[Dataset excerpts Boundary: Start]

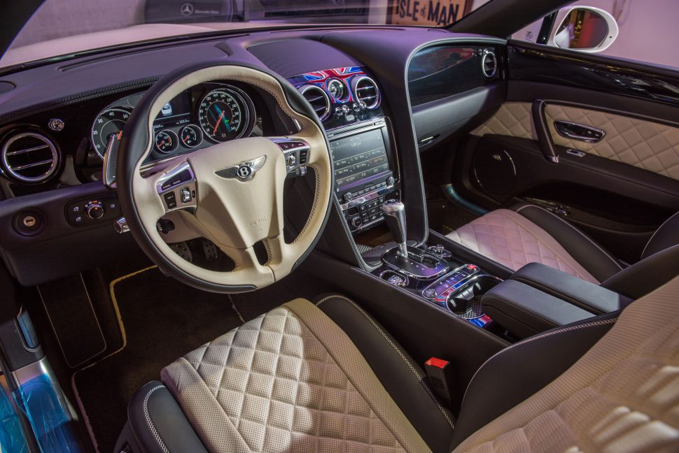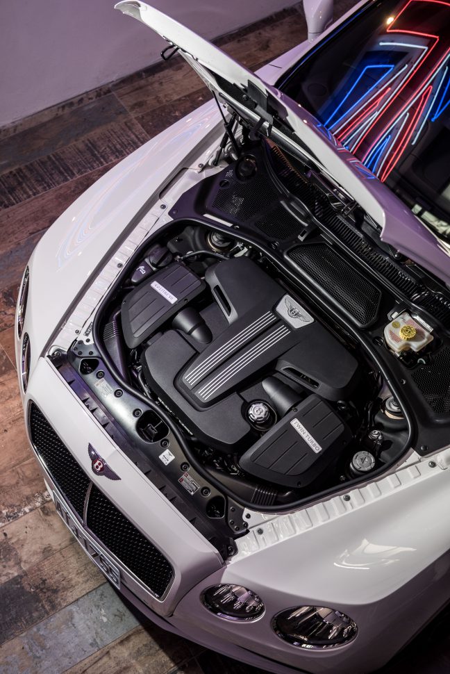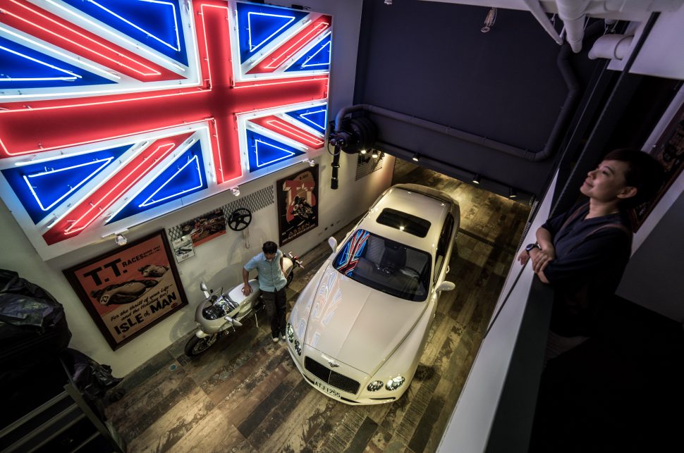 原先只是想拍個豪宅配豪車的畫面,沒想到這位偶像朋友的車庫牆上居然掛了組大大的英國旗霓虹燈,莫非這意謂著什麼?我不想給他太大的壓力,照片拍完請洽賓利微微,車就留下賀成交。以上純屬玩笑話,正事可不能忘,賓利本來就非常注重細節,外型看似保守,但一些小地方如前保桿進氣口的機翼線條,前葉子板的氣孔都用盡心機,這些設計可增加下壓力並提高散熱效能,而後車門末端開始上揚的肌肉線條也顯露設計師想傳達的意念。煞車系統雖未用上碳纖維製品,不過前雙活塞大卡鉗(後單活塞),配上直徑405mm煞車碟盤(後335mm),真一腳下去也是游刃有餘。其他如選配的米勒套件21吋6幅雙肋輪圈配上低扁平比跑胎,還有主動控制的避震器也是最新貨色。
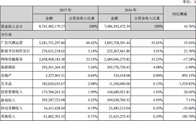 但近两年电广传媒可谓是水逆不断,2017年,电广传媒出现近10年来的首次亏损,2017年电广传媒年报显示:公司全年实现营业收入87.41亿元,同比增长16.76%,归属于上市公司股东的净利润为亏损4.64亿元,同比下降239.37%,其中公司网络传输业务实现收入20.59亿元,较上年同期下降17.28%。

[Dataset excerpts Boundary: End]
[Dataset excerpts Boundary: Start]

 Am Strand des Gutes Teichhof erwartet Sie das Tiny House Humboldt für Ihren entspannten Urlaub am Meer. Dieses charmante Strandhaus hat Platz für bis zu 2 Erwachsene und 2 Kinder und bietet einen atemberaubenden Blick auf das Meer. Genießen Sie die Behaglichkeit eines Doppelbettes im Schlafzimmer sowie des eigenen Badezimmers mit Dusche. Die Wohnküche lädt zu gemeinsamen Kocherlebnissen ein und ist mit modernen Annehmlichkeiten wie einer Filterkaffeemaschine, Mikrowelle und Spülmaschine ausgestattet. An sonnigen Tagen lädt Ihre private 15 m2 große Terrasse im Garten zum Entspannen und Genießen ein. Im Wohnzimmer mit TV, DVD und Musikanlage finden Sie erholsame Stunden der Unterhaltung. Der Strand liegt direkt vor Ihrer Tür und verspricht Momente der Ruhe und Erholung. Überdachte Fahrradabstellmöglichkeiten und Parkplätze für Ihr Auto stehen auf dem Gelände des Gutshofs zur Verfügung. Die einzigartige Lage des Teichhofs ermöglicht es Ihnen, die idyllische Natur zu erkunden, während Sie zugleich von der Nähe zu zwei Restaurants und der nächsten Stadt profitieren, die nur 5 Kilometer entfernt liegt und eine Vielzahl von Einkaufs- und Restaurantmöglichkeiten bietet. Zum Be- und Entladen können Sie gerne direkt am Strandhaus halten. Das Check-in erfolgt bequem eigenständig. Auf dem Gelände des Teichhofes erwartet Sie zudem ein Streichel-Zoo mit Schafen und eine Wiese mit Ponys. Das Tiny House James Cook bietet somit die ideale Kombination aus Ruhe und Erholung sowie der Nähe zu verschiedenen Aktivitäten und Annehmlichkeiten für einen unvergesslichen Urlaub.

[Dataset excerpts Boundary: End]

## Instructions for the task
Using the data above, give again exactly the lines starting at the one holding "原先只是想拍個豪宅配豪車的畫" and ending at the one holding "但近两年电广传媒可谓是水逆不", inclusive, and nothing more. Omit the pictures.

## Exercise response
 原先只是想拍個豪宅配豪車的畫面,沒想到這位偶像朋友的車庫牆上居然掛了組大大的英國旗霓虹燈,莫非這意謂著什麼?我不想給他太大的壓力,照片拍完請洽賓利微微,車就留下賀成交。以上純屬玩笑話,正事可不能忘,賓利本來就非常注重細節,外型看似保守,但一些小地方如前保桿進氣口的機翼線條,前葉子板的氣孔都用盡心機,這些設計可增加下壓力並提高散熱效能,而後車門末端開始上揚的肌肉線條也顯露設計師想傳達的意念。煞車系統雖未用上碳纖維製品,不過前雙活塞大卡鉗(後單活塞),配上直徑405mm煞車碟盤(後335mm),真一腳下去也是游刃有餘。其他如選配的米勒套件21吋6幅雙肋輪圈配上低扁平比跑胎,還有主動控制的避震器也是最新貨色。
 但近两年电广传媒可谓是水逆不断,2017年,电广传媒出现近10年来的首次亏损,2017年电广传媒年报显示:公司全年实现营业收入87.41亿元,同比增长16.76%,归属于上市公司股东的净利润为亏损4.64亿元,同比下降239.37%,其中公司网络传输业务实现收入20.59亿元,较上年同期下降17.28%。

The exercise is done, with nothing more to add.